25…Woe to you who laugh now, for you will mourn and weep.–Luke 6

Let’s ask four questions.

  1. WHY MIGHT A PERSON WEEP NOW? Verse 21 had humble disciples in mind. A weeper sometimes feels like a broken mess. A weeper is humbled by their situation. A weeper has no answer for their problem within themself. A weeper’s only hope for perspective is with God. We weep in times of loss, betrayal, hurt, rejection, and conviction or guilt regarding our sins.
  2. WHY MIGHT A PERSON LAUGH NOW? Verse 25 had more arrogant Pharisees in mind. The laugher is proud. The laugher is arrogant. The laugher is the answer to their own problems. The laugher’s hope is centered in themself. The laugher is the hero of their own stories. The laugher laughs because they are enough or have done enough to get the kind of life they think they deserve.

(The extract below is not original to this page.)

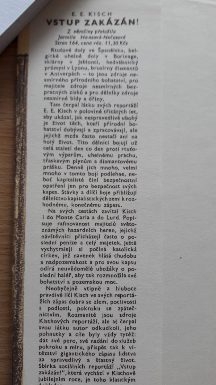 Ďalšie reportáže „zúrivého reportéra“. V knihe sa zameral na oblasti hospodárstva, kde robotníci denne bojujú z nebezpečným prostredím, napr. ortuťové bane v Španielsku, sklárne v Jablonci, brusiarne diamantov v Antverpách a pod. Vydalo Státní nakladatelství politické literatury 1955. Ušpinený prebal. Inak dobrý stav. Cena 3,--+poštovné. Pozrite si aj ostatné moje inzeráty

God might be on their mind, but is kept in his place.
  3. WHY WILL THE MOURNER LAUGH? The humble, repentant, broken mess will be one day find forgiveness, reconciliation, and peace from God. The one without hope will find that hope centered in God. We picture Joseph once mourning and then one day laughing. He went through unimaginable rejection and pain only to find hope and purpose as God’s plan unfolded. What his brothers meant for evil, God meant for good (Genesis 50:20).
  4. WHY WILL THE LAUGHER MOURN? The arrogant one who doesn’t think they need God will find out one day that they had rejected the only ultimate hope they ever had. I think this person mourns the selfish life they lived and where it has led them. If this life is treated as your heaven then don’t be surprised if what comes next is not heaven. It’s possible that this person is not that introspective and simply mourns the fact that they are now suffering and they don’t like it.

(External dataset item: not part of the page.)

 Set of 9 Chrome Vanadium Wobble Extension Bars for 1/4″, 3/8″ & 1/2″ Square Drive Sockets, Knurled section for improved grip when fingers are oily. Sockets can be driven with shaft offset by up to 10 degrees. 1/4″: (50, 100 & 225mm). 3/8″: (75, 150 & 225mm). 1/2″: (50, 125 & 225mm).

As you ponder your emotions and attitudes now, consider the reason for our hope. Jesus, the author and provider of the emotional reversal.

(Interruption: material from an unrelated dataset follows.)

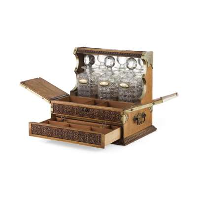 the carved case fitted with three cut-glass decanters below an engraved plaque PRESENTED TO MR EDWIN C. JOB/ BY THE COMMITTEE AND SUBSCRIBERS OF THE PITSMOOR FLORAL SOCIETY/ IN RECOGNITION OF HIS SERVICES AS PRESIDENT FOR 8 YEARS/ SEPTEMBER 17TH 1896, with a cabinet to the front with two flap top compartments above a sprung drawer

He was despised and rejected by mankind, a man of suffering, and familiar with pain. Like one from whom people hide their faces he was despised, and we held him in low esteem. Surely he took up our pain and bore our suffering, yet we considered him punished by God, stricken by him, and afflicted.

But he was pierced for our transgressions, he was crushed for our iniquities; the punishment that brought us peace was on him, and by his wounds we are healed. We all, like sheep, have gone astray, each of us has turned to our own way; and the Lord has laid on him the iniquity of us all. (Isaiah 53:3-6)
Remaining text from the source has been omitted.